What is required: If an entry includes an image, drop the image and copy the rest verbatim.

Source data:
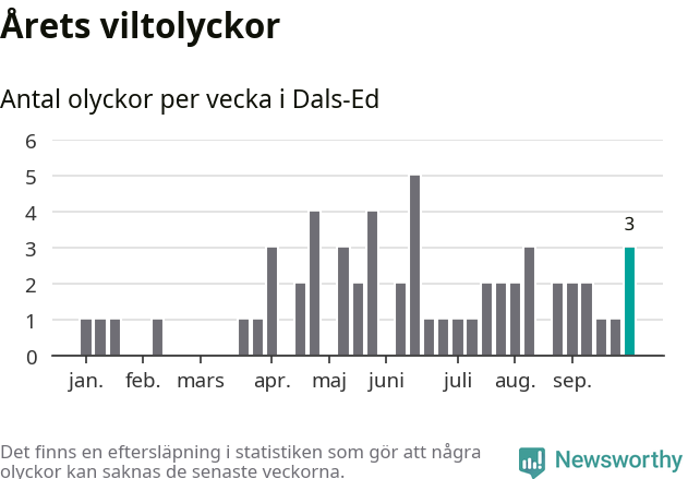 Hittills har tre viltolyckor rapporterats in i Dals-Eds kommun från vecka 40. Se listan här.
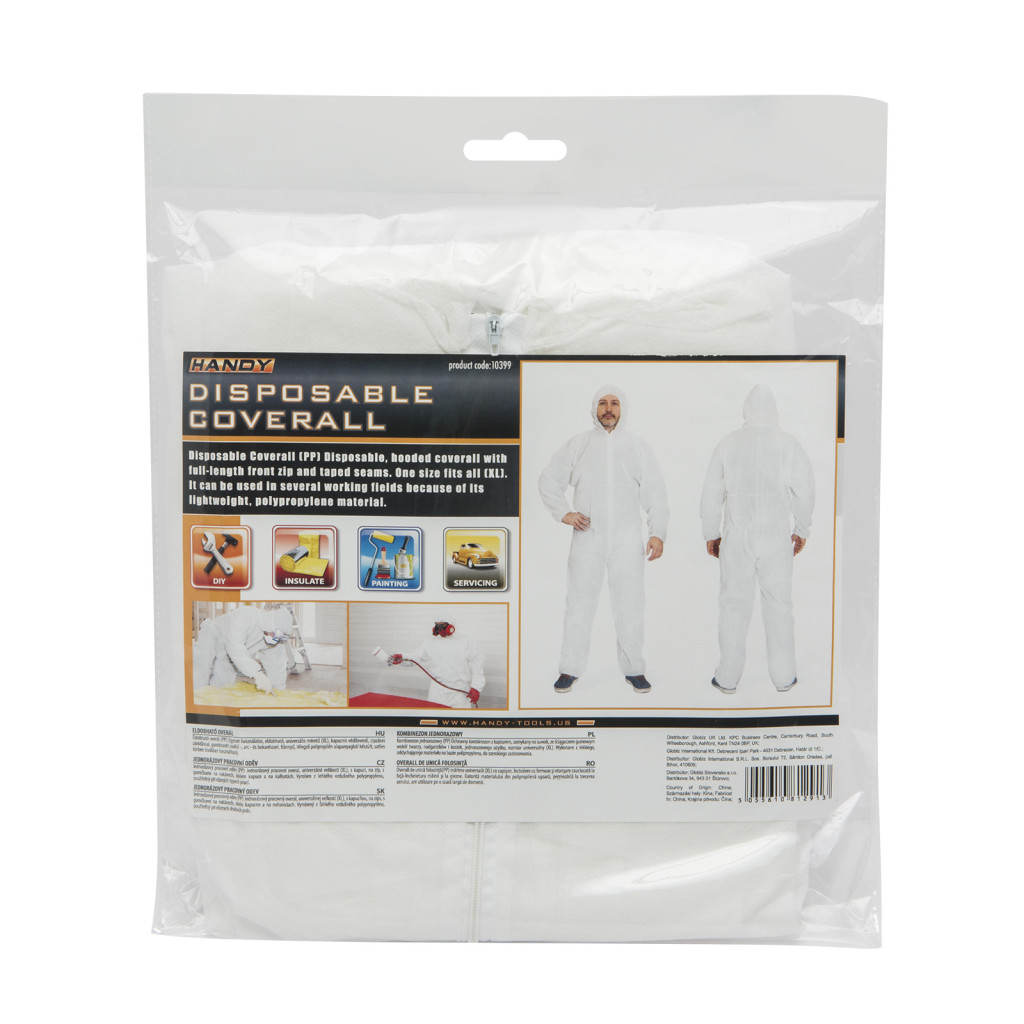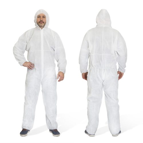Egyszer használatos, eldobható, univerzális méretű (XL), kapucnis védőoverál, cipzáras záródással, gumírozott csukló -, arc - és bokarésszel. Könnyű, lélegző polipropilén alapanyagból készült, széles körben kiválóan használható.
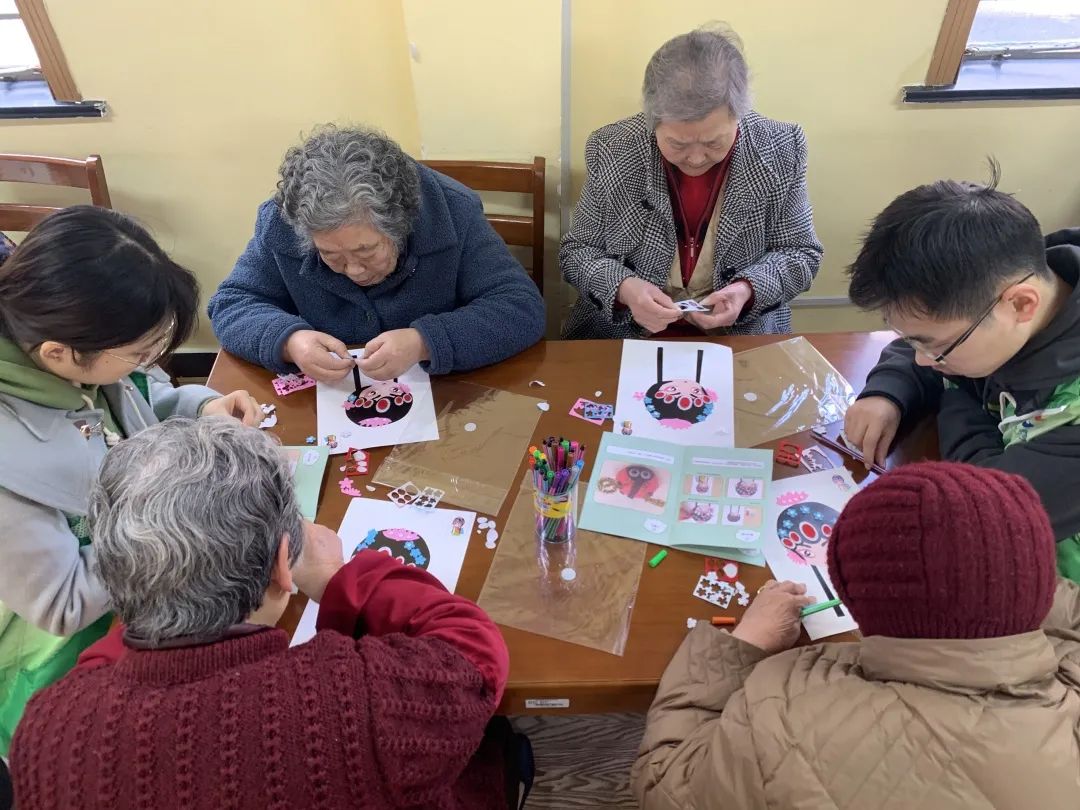 在四平路街道老年人日间服务中心里,来自同济大学新生院同舟学堂的大一学生们正与爷爷奶奶围坐在桌边,为面前的一张张彩色拼贴画忙碌着。
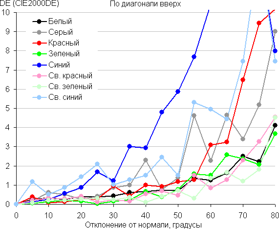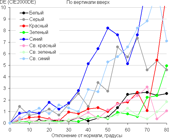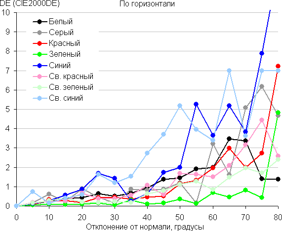 Для количественной характеристики изменения цветопередачи мы провели колориметрические измерения для белого, серого (127, 127, 127), красного, зеленого и синего, а также светло-красного, светло-зеленого и светло-синего полей во весь экран с использованием установки, подобной той, что применялась в предыдущем тесте. Измерения проводились в диапазоне углов от 0° (датчик направлен перпендикулярно к экрану) до 80° с шагом в 5°. Полученные значения интенсивностей были пересчитаны в ΔE относительно замера каждого поля при перпендикулярном положении датчика относительно экрана. Результаты представлены ниже:
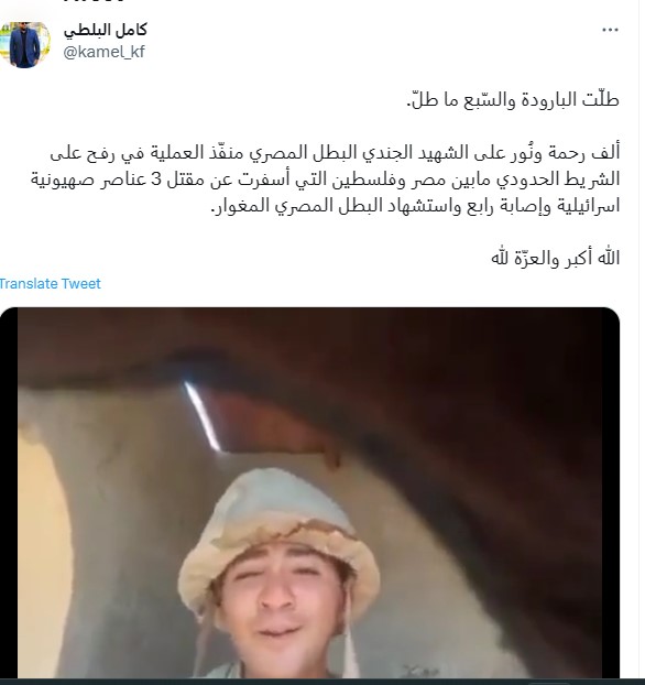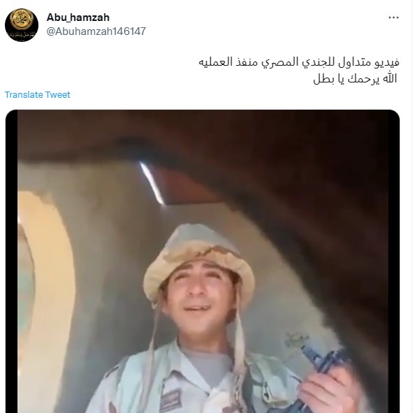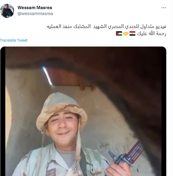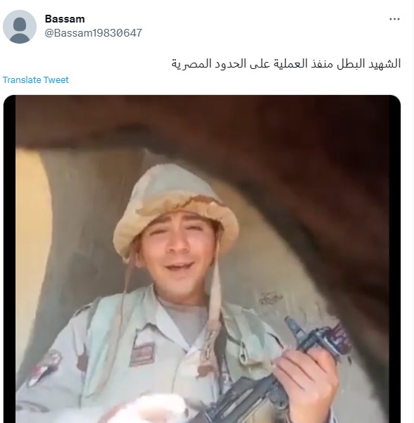 وكتب حساب آخر تعليقاً (من دون تدخل) جاء فيه: "فيديو متداول للجندي المصري الشهيد المشتبك منفذ العملية".

Response to this exercise:
 Hittills har tre viltolyckor rapporterats in i Dals-Eds kommun från vecka 40. Se listan här.
Egyszer használatos, eldobható, univerzális méretű (XL), kapucnis védőoverál, cipzáras záródással, gumírozott csukló -, arc - és bokarésszel. Könnyű, lélegző polipropilén alapanyagból készült, széles körben kiválóan használható.
 在四平路街道老年人日间服务中心里,来自同济大学新生院同舟学堂的大一学生们正与爷爷奶奶围坐在桌边,为面前的一张张彩色拼贴画忙碌着。
 Для количественной характеристики изменения цветопередачи мы провели колориметрические измерения для белого, серого (127, 127, 127), красного, зеленого и синего, а также светло-красного, светло-зеленого и светло-синего полей во весь экран с использованием установки, подобной той, что применялась в предыдущем тесте. Измерения проводились в диапазоне углов от 0° (датчик направлен перпендикулярно к экрану) до 80° с шагом в 5°. Полученные значения интенсивностей были пересчитаны в ΔE относительно замера каждого поля при перпендикулярном положении датчика относительно экрана. Результаты представлены ниже:
 وكتب حساب آخر تعليقاً (من دون تدخل) جاء فيه: "فيديو متداول للجندي المصري الشهيد المشتبك منفذ العملية".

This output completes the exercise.